Polignac is a marvellous defensive site just north west of Le Puy-en-Velay. There are superb views of the fortress built on top of a volcanic hill surrounded by 100m cliffs from the D102. Round the base of the cliffs nestles the small settlement of stone houses with red tile roofs surrounded by very fertile farmland with pasture for grazing, hay fields and some already ploughed fields. To the north are the tree covered slopes of the mountains. There is a large car park just below the church, by the school. The local tourist office has a leaflet (in French) with details of a 2km walk through the settlement round the base of the rock, with 16thC houses, dovecot and fountain.
There is a very steep climb up to the the fortress up narrow cobbled streets. The top of the rock has been settled since the 10thC and was home to the powerful Polignac family. As Vicomptes de Velay they were in a continuous power struggle with the bishop of Le Puy-en-Velay. Their fortress reflects this. It could accommodate 1000 people and the Vicomtes had permission to mint money.
The remains of the 11thC chapel are the oldest part of the site. It was protected by a defensive wall with six fortified gateways. The donjon dates from the 14thC and was built during the Hundred Years War. By the end of the 15thC more comfortable accommodation was needed and a new block was added for the vicomte and his family. By the 17thC the need for a defensive residence had passed and the family abandoned Polignac to live in the much more comfortable and luxurious Château de Lavoûte-Polignac.
Only two of the original six gateways survive, reached by a long climb up a path between tall banks. The fifth gate is an archway through the curtain wall. It would originally had a drawbridge over a dry pit and the slits in the wall for the drawbridge axles are still visible. Above is a murder hole.
It leads into what is described as the ‘Mousehole’ between the fifth and sixth gateways.
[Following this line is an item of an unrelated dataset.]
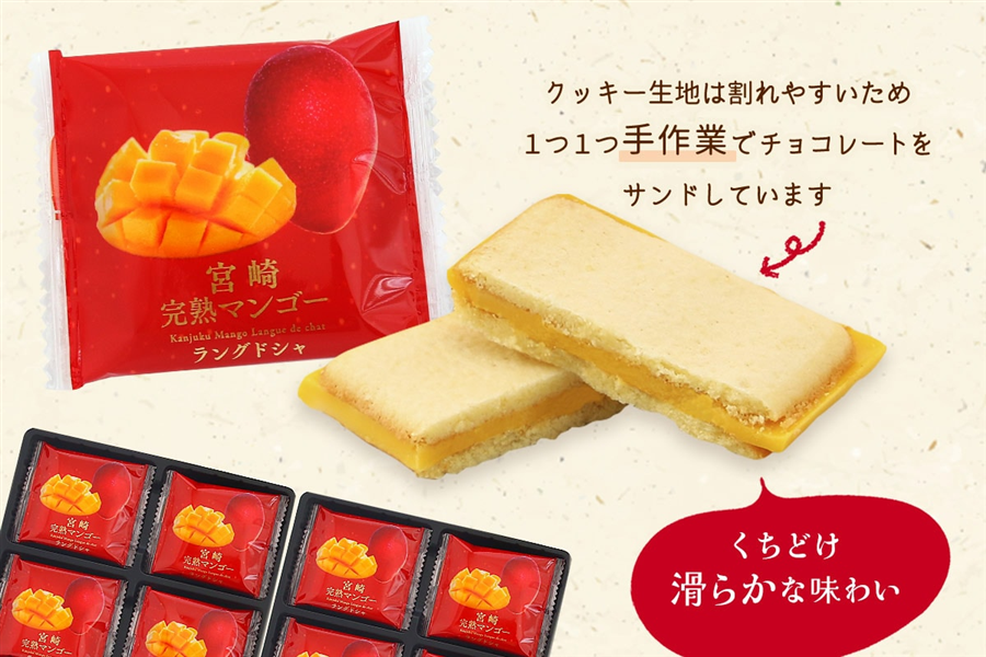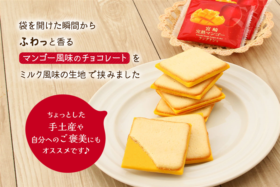 専用手提げ袋付き!宮崎県産の完熟マンゴーを使用したラングドシャ
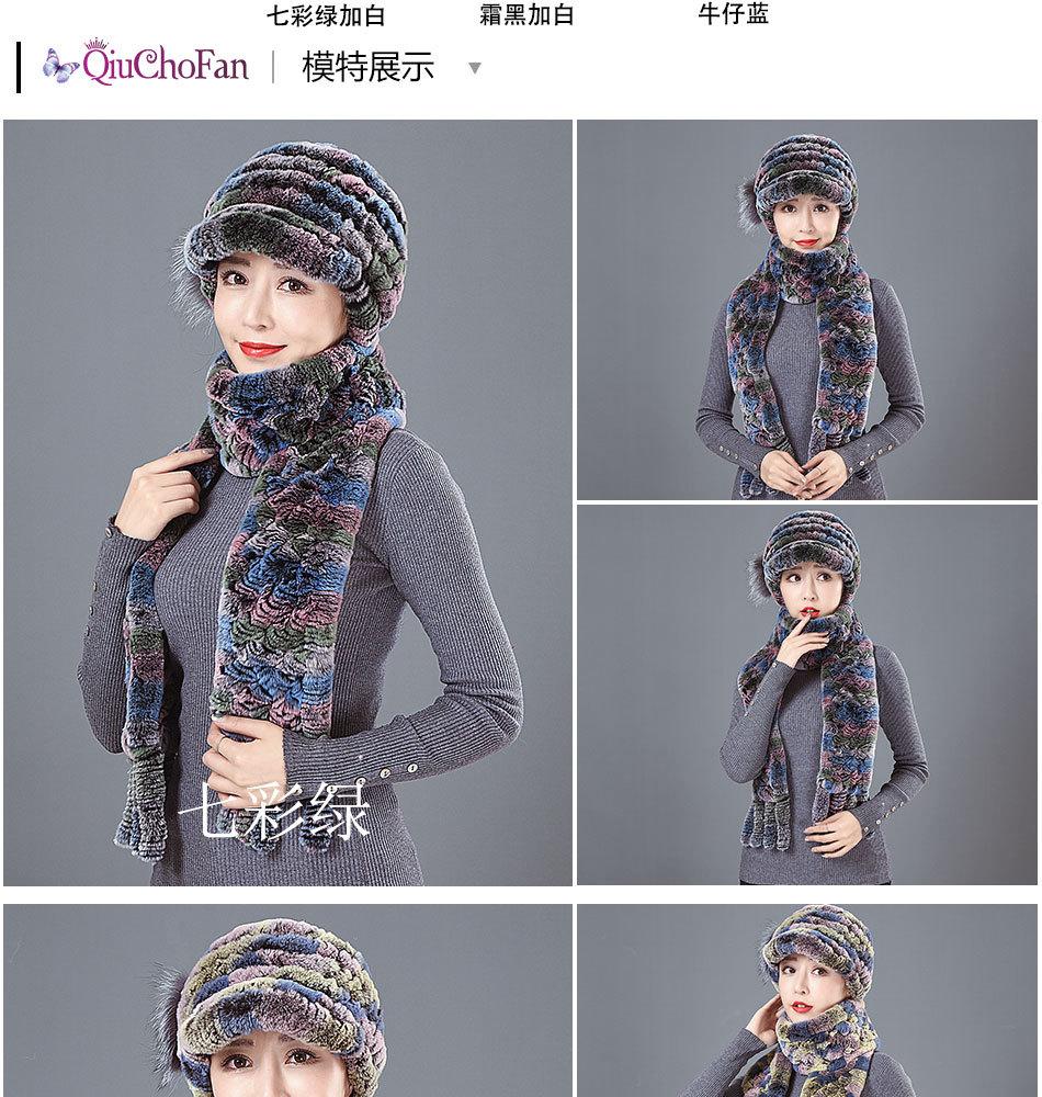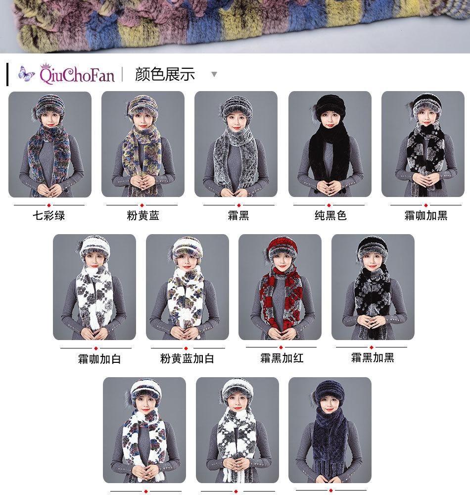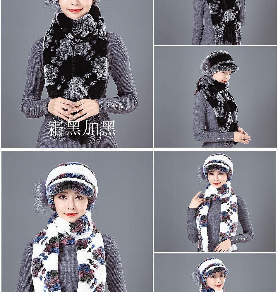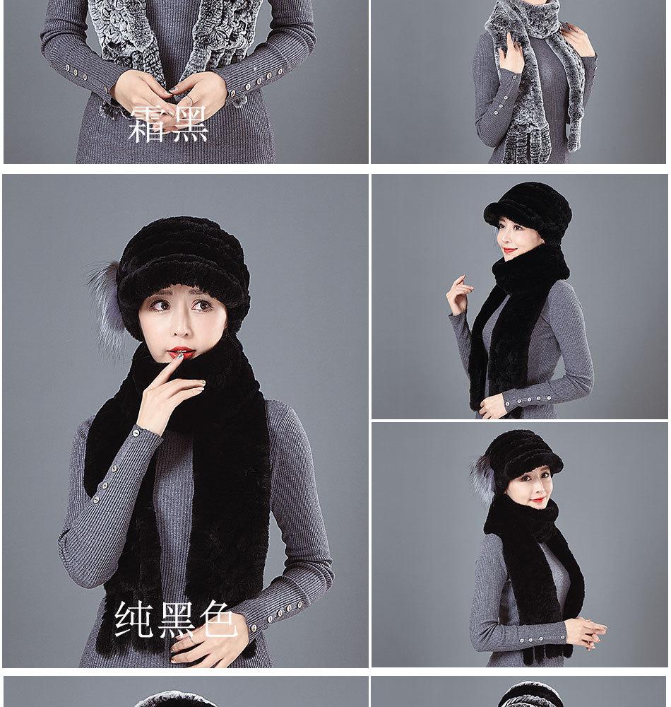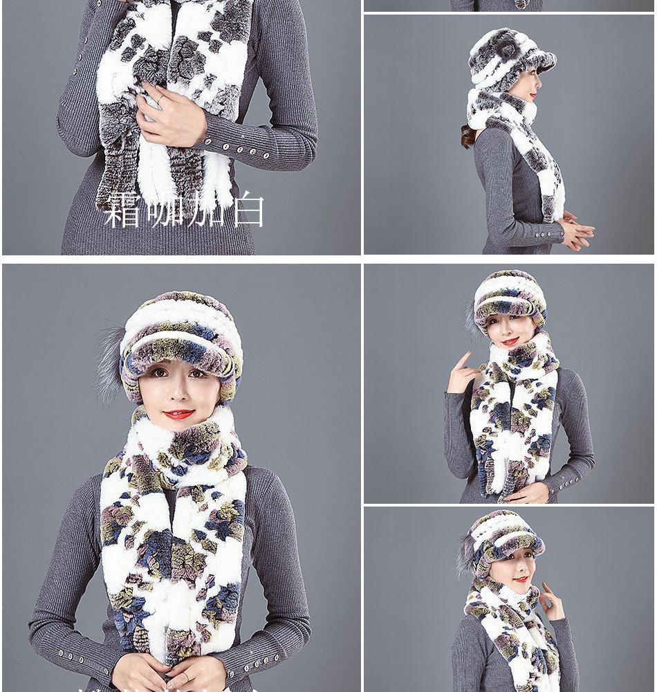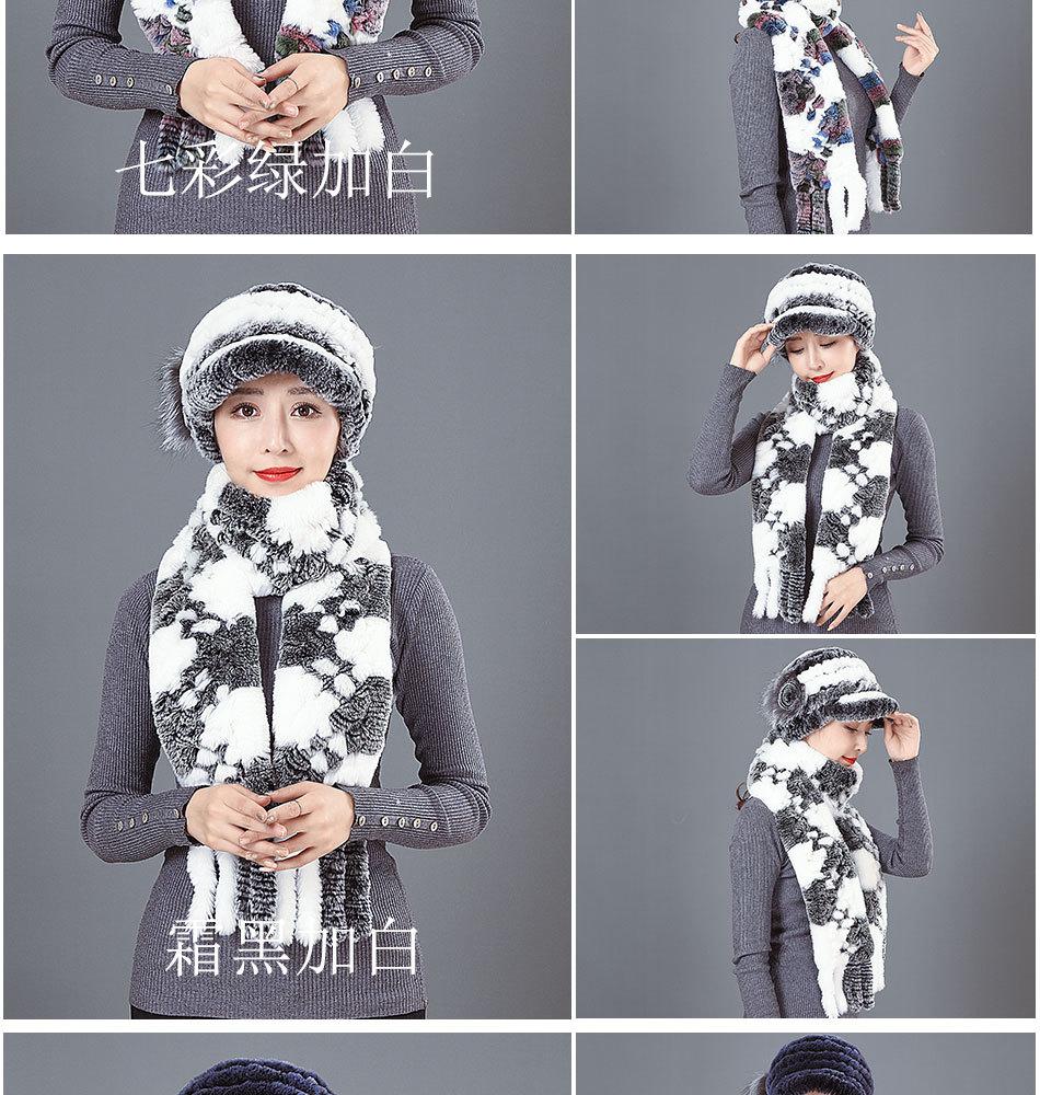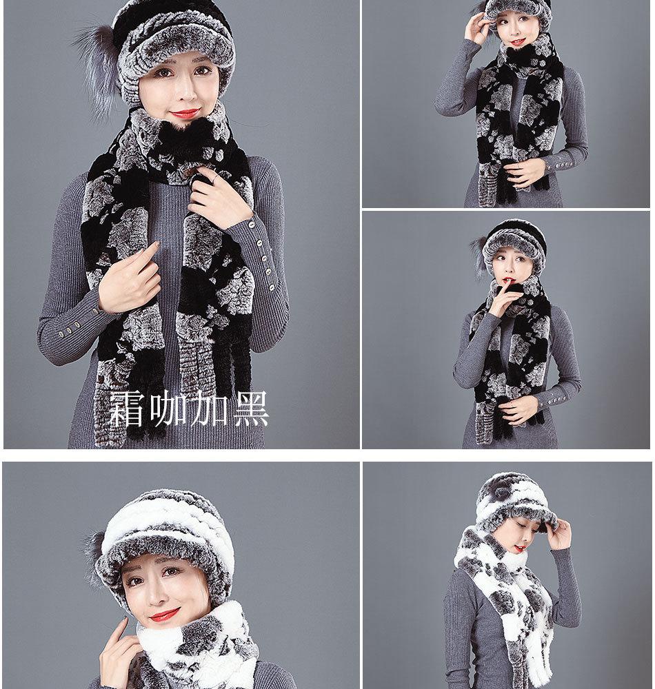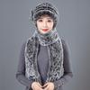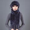 Conjunto de Dos Piezas Bufanda Sombrero para Mediana Edad y Ancianos Traje Cálido Piel de Conejo Rex Tejido Gorros Cálidos Gruesos Bufanda de Piel

Visitors to the castle could be held here and if decided they were a danger were subjected to fire from surrounding soldiers. They meant business as there are are two canon loopholes by the sixth gateway. The small ticket office is here which has a free guide in English.
The sixth gateway leads into the site. The level inside was raised artificially when soil was brought up in the 19thC when the site guardians had a small farm here. Ahead is the former guardhouse which has an exhibition about Polignac and an exhibition about food in the Middle Ages in the adjacent building. These buildings are in reasonable condition as they were used as a barn and stable in the 19thC. Beyond are the remains of workshops and the probably site of the mint as well as the kitchens with a bread oven.
From here, steps lead up to the rampart walk where there are excellent view. This goes past the round Géhenne Tower which had a prison in the basement to the donjon. This originally had five floors reached by spiral staircase. The ground floor was used for storage with living quarters above. On the first floor there is an exhibition about the Polignac Foundation. It is possible to climb the 141 stairs to the roof terrace, but it was a very hot day, so we didn’t bother.
On the ground floor is a display of carved stones collected from round the site. The most famous is the ‘Apollo Mask’. There is a legend that the site had been a place of worship dedicated to Apollo, the god of oracles, and members of the family were priests. The story is told that the priests would greet pilgrims at the base of the rock and ask some general questions. The pilgrims would make their way to the top of the rock while the priests entered underground passageways which brought them to the bottom of the well. Here they prepared answer to the questions and lit a fire to boil water in a cauldron. The smoke and steam floated up the well to fill the temple with a satisfying mist. When the the pilgrims arrived in the temple the ‘oracle’ mask would answer their questions with the well amplifying their voices.
This makes a good story but is a bit of a con, as the mask is actually of Neptune and was probably a fountain mask and water flowed out of a lead pipe from the mouth.
Beyond the donjon are the fenced off remains of the original 12thC residence and the later Vicomte building. The oracle well is between the two. Beyond these are the scant remains of the chapel with an early cemetery. Beyond, the curtain wall is now just a tall wall of a single layer of stone.
This is a beautiful site and well worth the climb up to it.